Residual.sd__Observation | 5.3 |

#### Design effect

*Teerenstra et al* derived an alternative design effect that is specific to the ANCOVA model:

\[ (1 + (n-1)\rho) (1-r^2) \]

where \(r\) is the same as before. Since \((1-r^2) < 2(1-r), \ 0 \le r < 1\), this will be a reduction from the earlier model.

`(des_effect <- (1 + (n - 1) * rho) * (1 - r^2))`

`## [1] 2.7`

`des_effect * 350 / n`

`## [1] 31`

#### Confirming power

```
replicate <- function() {
dd <- crt_base(2.4, 32, 30, s_c = 6.8, s_cp = 2.8, s_s = 38, s_sp = 16.4)
dobs <- dd[, .(site, rx, id, period, timeID, y)]
dobs <- dcast(dobs, site + rx + id ~ period, value.var = "y")
fit5 <- lmer(`1` ~ `0` + rx + (1 | site), data = dobs)
coef(summary(fit5))["rx", "Pr(>|t|)"]
}
p_values <- mclapply(1:1000, function(x) replicate(), mc.cores = 4)
mean(unlist(p_values) < 0.05)
```

`## [1] 0.78`

## Next steps

These simulations confirmed the design effects derived by *Teerenstra et al*. In the next post, we will turn to baseline measurements in the context of a stepped wedge design, to see if these results translate to a more complex setting.

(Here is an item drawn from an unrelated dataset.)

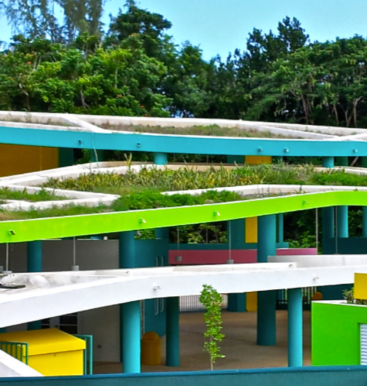 Los techos que están parcial o completamente cubiertos de vegetación y un medio de cultivo mitigan el aumento excesivo de calor y manejan las aguas pluviales.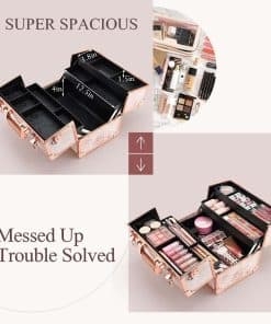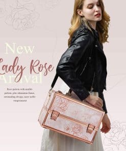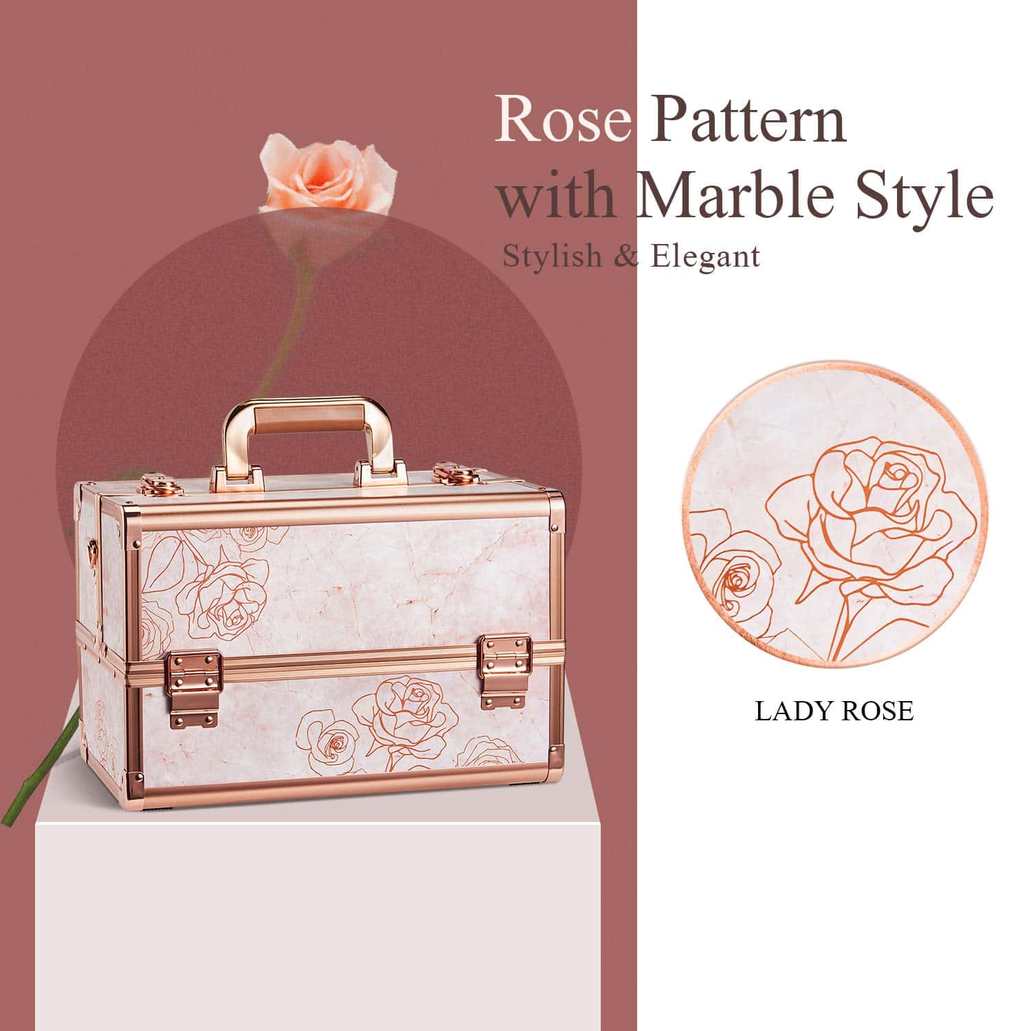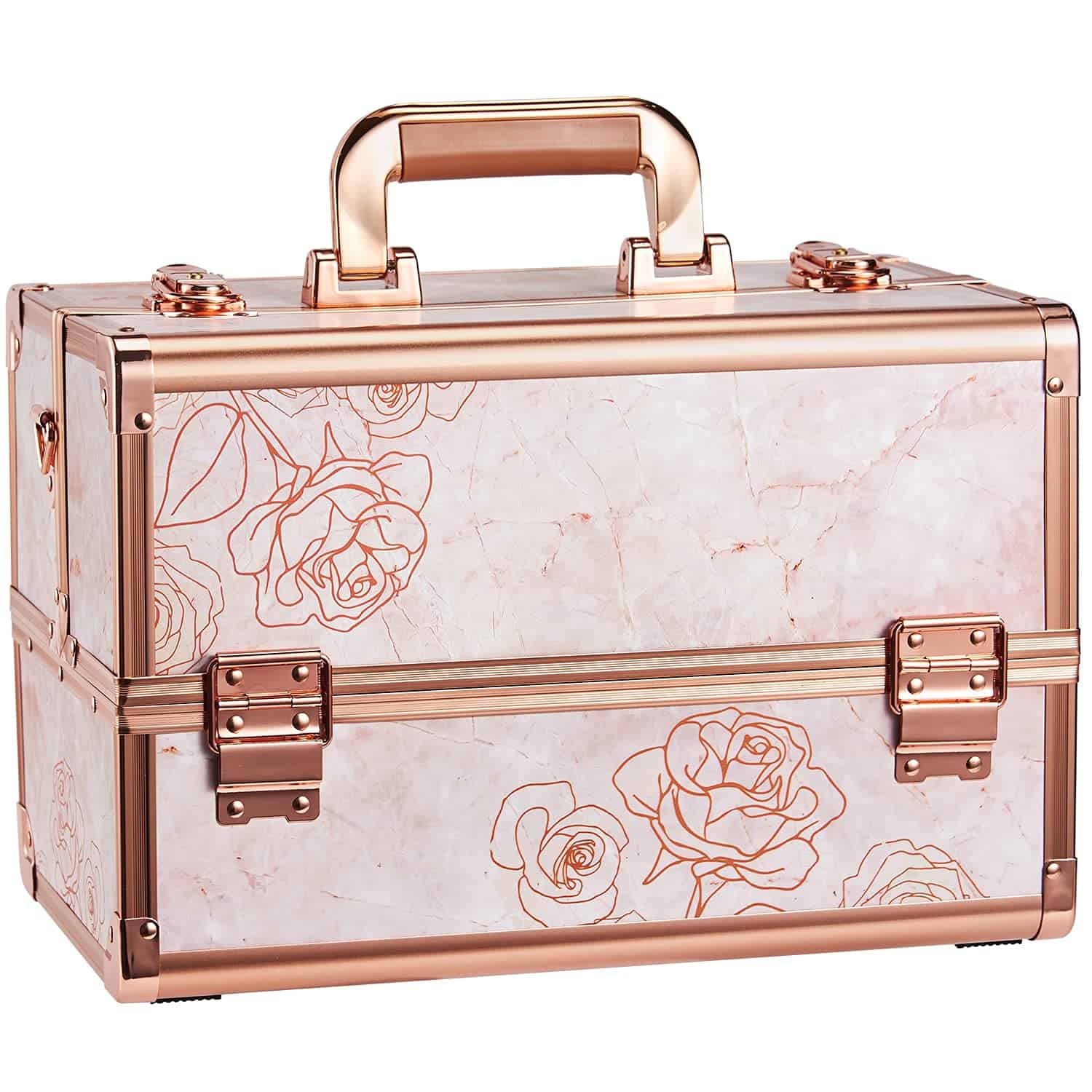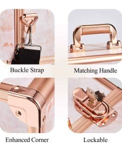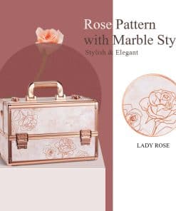 1. Hermoso estilo de mármol rosa dorado: Este gran estuche de maquillaje viene en estilo de mármol rosa dorado con todas las partes de aluminio a juego con el color que se mantiene en sintonía con un asa especialmente diseñada para dar una apariencia única.

The design effects themselves have not yet been derived. In the meantime, to get yourself psyched up for what is coming, you can read more generally about stepped wedge designs here, here, here, here, here, and here.

Reference:

Teerenstra, Steven, Sandra Eldridge, Maud Graff, Esther de Hoop, and George F. Borm. “A simple sample size formula for analysis of covariance in cluster randomized trials.” Statistics in medicine 31, no. 20 (2012): 2169-2178.

Support:

This work was supported in part by the National Institute on Aging (NIA) of the National Institutes of Health under Award Number U54AG063546, which funds the NIA IMbedded Pragmatic Alzheimer’s Disease and AD-Related Dementias Clinical Trials Collaboratory (NIA IMPACT Collaboratory). The author, a member of the Design and Statistics Core, was the sole writer of this blog post and has no conflicts. The content is solely the responsibility of the author and does not necessarily represent the official views of the National Institutes of Health.